● WHAT THE EXERCISE ASKS
Begin at the line that contains "A STARFISH SPECIMAN on a plinth." and reproduce it along with every line after it to the end of the listing; skip any pictures.

=====

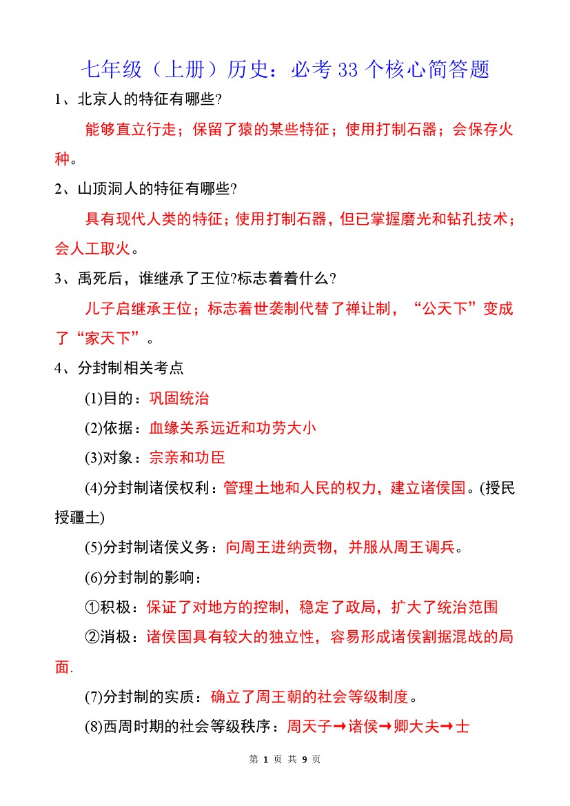 七年级(上册)历史:必考33个核心简答题
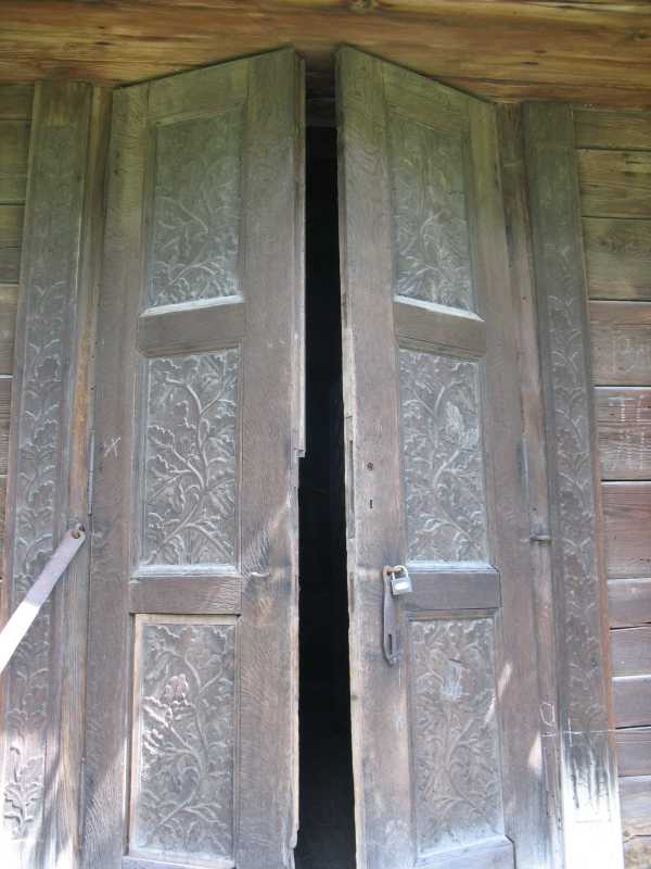 Двері головного входу Розмір зображення: 600:800 піксел Фото Зенона Боровця і Богдана Тхора, 10 серпня 2011 р. Вкладені елементи Рельєфна вставка дверей
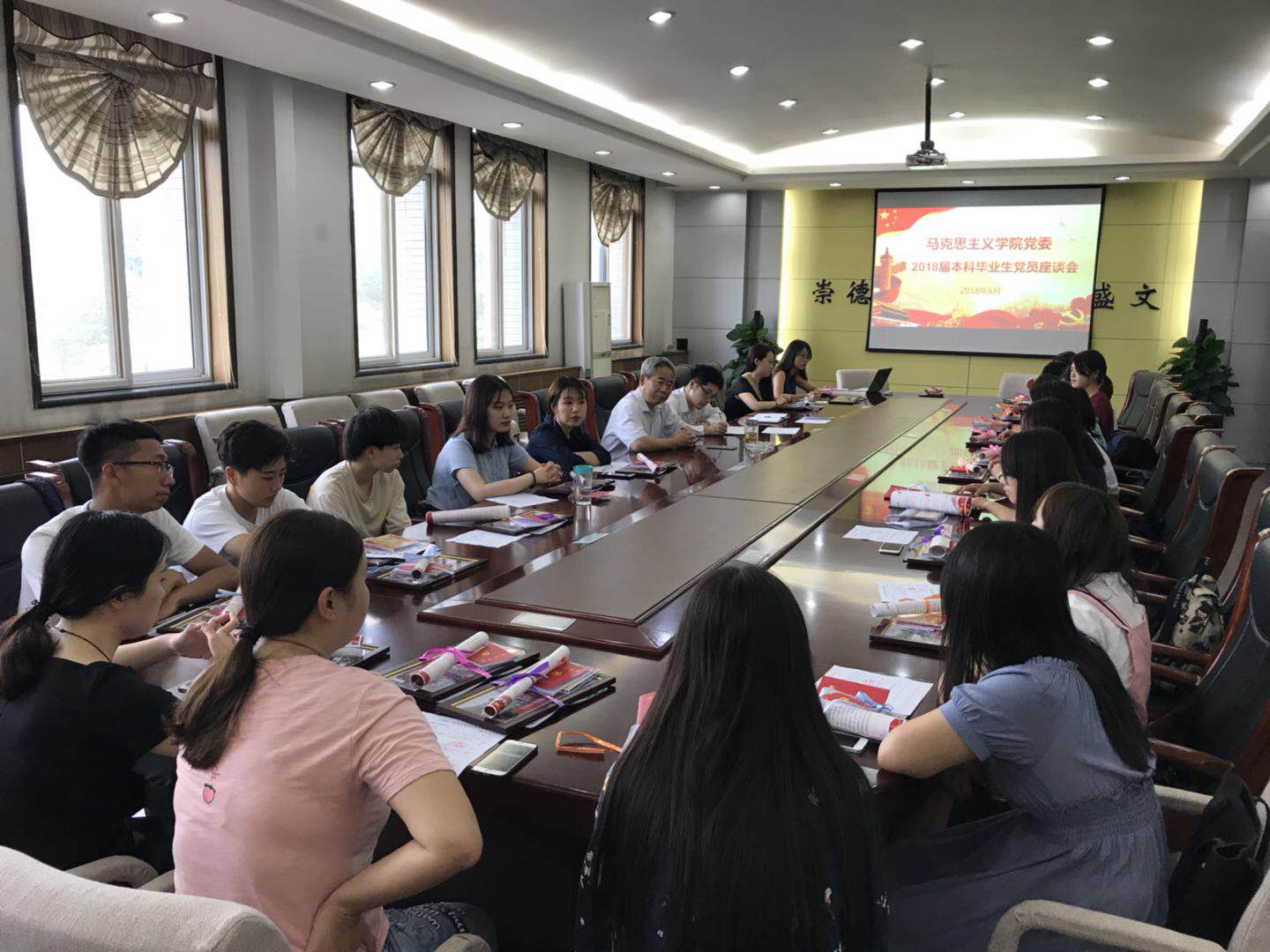 6月25日上午,3044am永利集团党委在学院208会议室召开2018届本科毕业生党员座谈会,学院党委书记鲁卫平,学生党建主管、辅导员曹良玉以及2018届本科毕业生党员参加了座谈会,会议由党委副书记袁源主持。
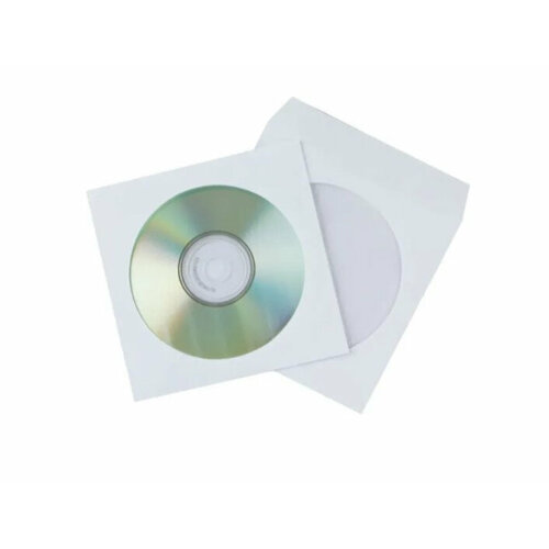 Конверт для CD дисков D2 Tech CDC-1-100, без окна, клей дискрин, 100 шт. белый
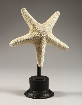 A STARFISH SPECIMAN on a plinth.
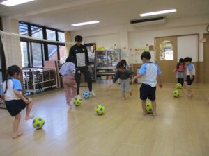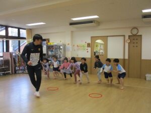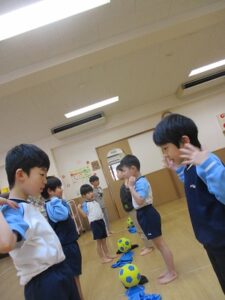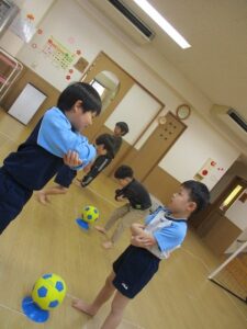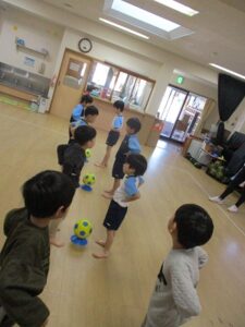 ぞう組さんが、保育園最後のボール教室に参加しました。夏から、ふなちゃん先生とボールを使っていろいろなゲームを楽しんで来ました。みんなふなちゃん先生の話しをよく聞いて、ルールを守り遊ぶ楽しさを感じることが出来たね!ボールを使って、手や足、体全体を動かし楽しむみんなの顔はとってもいきいきしていましたよ。ボールを使って遊ぶことが、ますます好きになったね。

=====

● COMPLETED TASK
 A STARFISH SPECIMAN on a plinth.
 ぞう組さんが、保育園最後のボール教室に参加しました。夏から、ふなちゃん先生とボールを使っていろいろなゲームを楽しんで来ました。みんなふなちゃん先生の話しをよく聞いて、ルールを守り遊ぶ楽しさを感じることが出来たね!ボールを使って、手や足、体全体を動かし楽しむみんなの顔はとってもいきいきしていましたよ。ボールを使って遊ぶことが、ますます好きになったね。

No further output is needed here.